I will start with Mono & MobilenetSSD example
code and only change blob path, label map, and frame shape.
import cv2
import depthai as dai
import numpy as np
nnPath = "detect_2021nov.blob" # Change blob path
labelMap = ["background", "QR-Code"] # Change labelMap
# Create pipeline
pipeline = dai.Pipeline()
# Define sources and outputs
monoRight = pipeline.create(dai.node.MonoCamera)
manip = pipeline.create(dai.node.ImageManip)
nn = pipeline.create(dai.node.MobileNetDetectionNetwork)
manipOut = pipeline.create(dai.node.XLinkOut)

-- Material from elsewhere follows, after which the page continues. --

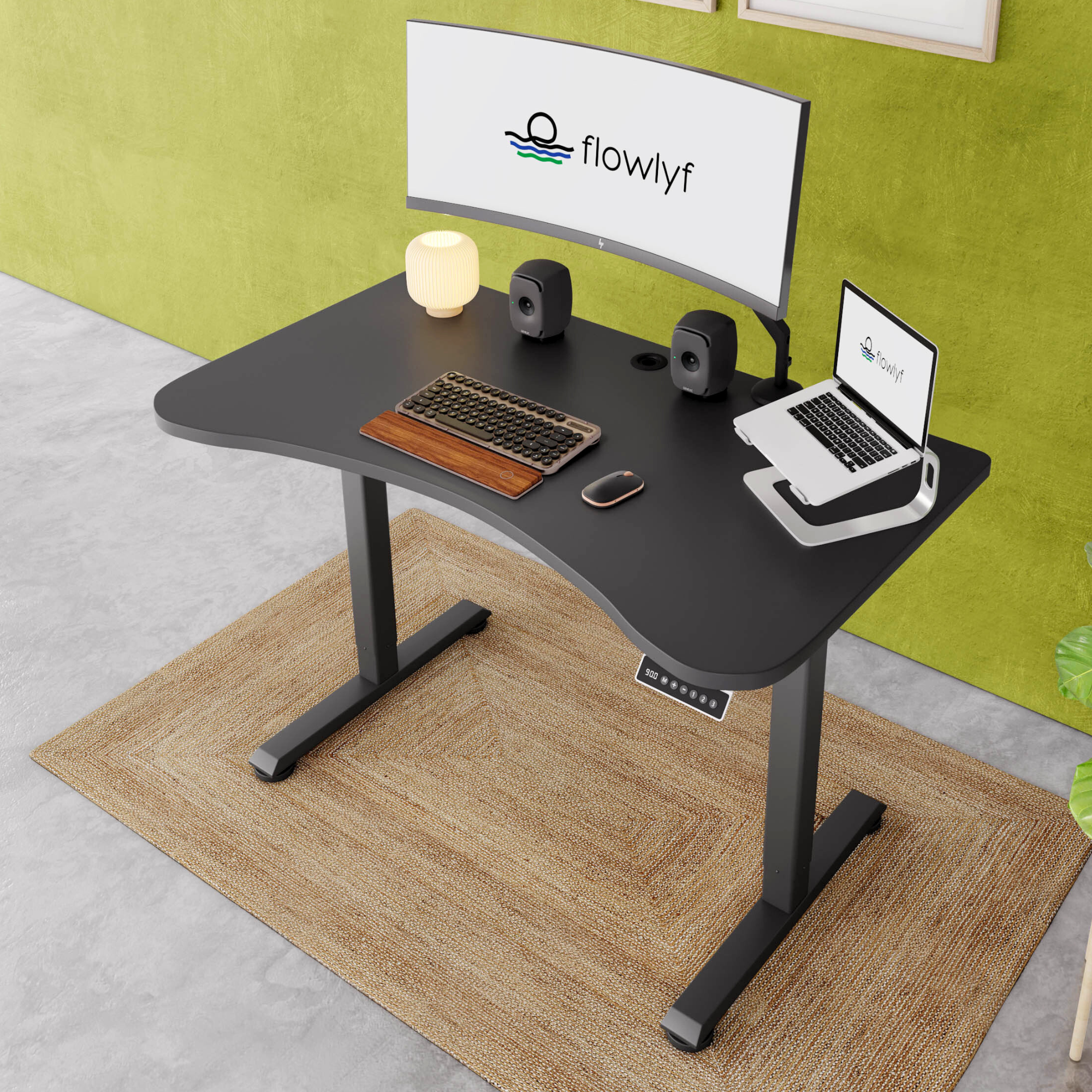 Flowlyf-FDGO- Electric Height Adjustable Desk- 2yr WARRANTY | 120 x 75 CM | 3 Memory PRE Set - Controls | Engineered Wood|2 Stage -1 Motor | 80 KG Wt | Sit Stand Range 73 cm-117 cm

nnOut = pipeline.create(dai.node.XLinkOut)
manipOut.setStreamName("right")
nnOut.setStreamName("nn")
# Properties
monoRight.setBoardSocket(dai.CameraBoardSocket.RIGHT)
monoRight.setResolution(dai.MonoCameraProperties.SensorResolution.THE_720_P)
manip.initialConfig.setResize(384, 384) # Input frame shape
manip.initialConfig.setFrameType(dai.ImgFrame.Type.GRAY8) # Model expects Grayscale image
nn.setConfidenceThreshold(0.5)
nn.setBlobPath(nnPath)
nn.input.setBlocking(False)
monoRight.out.link(manip.inputImage)
manip.out.link(nn.input)
manip.out.link(manipOut.input)
nn.out.link(nnOut.input)
with dai.Device(pipeline) as device:
qRight = device.getOutputQueue("right", maxSize=4, blocking=False)
qDet = device.getOutputQueue("nn", maxSize=4, blocking=False)
frame = None
detections = []
def frameNorm(frame, bbox):
normVals = np.full(len(bbox), frame.shape[0])
normVals[::2] = frame.shape[1]
return (np.clip(np.array(bbox), 0, 1) * normVals).astype(int)
def displayFrame(name, frame):
color = (255, 255, 0)
for detection in detections:
bbox = frameNorm(frame, (detection.xmin, detection.ymin, detection.xmax, detection.ymax))
cv2.putText(frame, labelMap[detection.label], (bbox[0] + 10, bbox[1] + 20), cv2.FONT_HERSHEY_TRIPLEX, 0.5, color)
cv2.putText(frame, f"{int(detection.confidence * 100)}%", (bbox[0] + 10, bbox[1] + 40), cv2.FONT_HERSHEY_TRIPLEX, 0.5, color)
cv2.rectangle(frame, (bbox[0], bbox[1]), (bbox[2], bbox[3]), color, 2)
cv2.imshow(name, frame)
while True:
frame = qRight.get().getCvFrame()
frame = cv2.cvtColor(frame, cv2.COLOR_GRAY2BGR) # For colored visualization
detections = inDet = qDet.get().detections
displayFrame("right", frame)
if cv2.waitKey(1) == ord('q'):
break
QR Code end result¶
This is the end result of the script above. You can see that the mono camera sensor on OAK cameras performs much better in low-light environment compared to my laptop camera (screenshot above). I uploaded this demo to depthai-experiments/gen2-qr-code-scanner where I have also added blobconvewrter and displaying NN results on high-resolution frames.